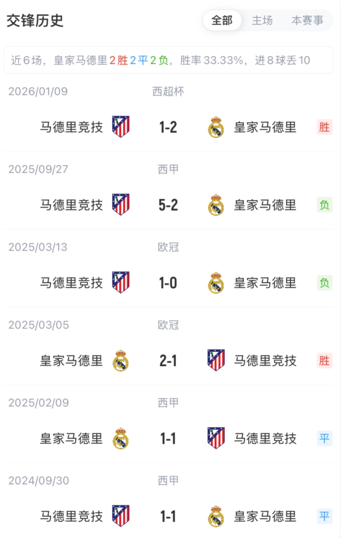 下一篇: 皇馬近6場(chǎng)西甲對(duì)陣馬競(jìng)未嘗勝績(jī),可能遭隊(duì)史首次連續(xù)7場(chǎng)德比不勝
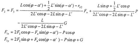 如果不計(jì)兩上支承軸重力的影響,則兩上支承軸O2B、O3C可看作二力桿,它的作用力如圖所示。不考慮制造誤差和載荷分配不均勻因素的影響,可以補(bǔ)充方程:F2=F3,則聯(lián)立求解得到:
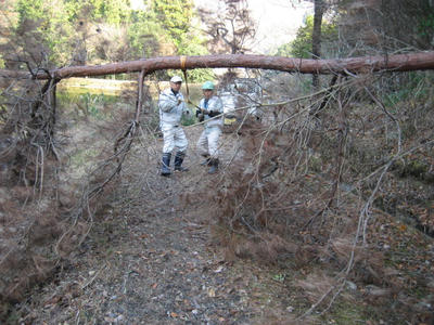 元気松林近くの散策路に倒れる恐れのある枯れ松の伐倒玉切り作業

------------------------------

The copy must match the listing above exactly but contain no pictures.

 下一篇: 皇馬近6場(chǎng)西甲對(duì)陣馬競(jìng)未嘗勝績(jī),可能遭隊(duì)史首次連續(xù)7場(chǎng)德比不勝
 如果不計(jì)兩上支承軸重力的影響,則兩上支承軸O2B、O3C可看作二力桿,它的作用力如圖所示。不考慮制造誤差和載荷分配不均勻因素的影響,可以補(bǔ)充方程:F2=F3,則聯(lián)立求解得到:
 元気松林近くの散策路に倒れる恐れのある枯れ松の伐倒玉切り作業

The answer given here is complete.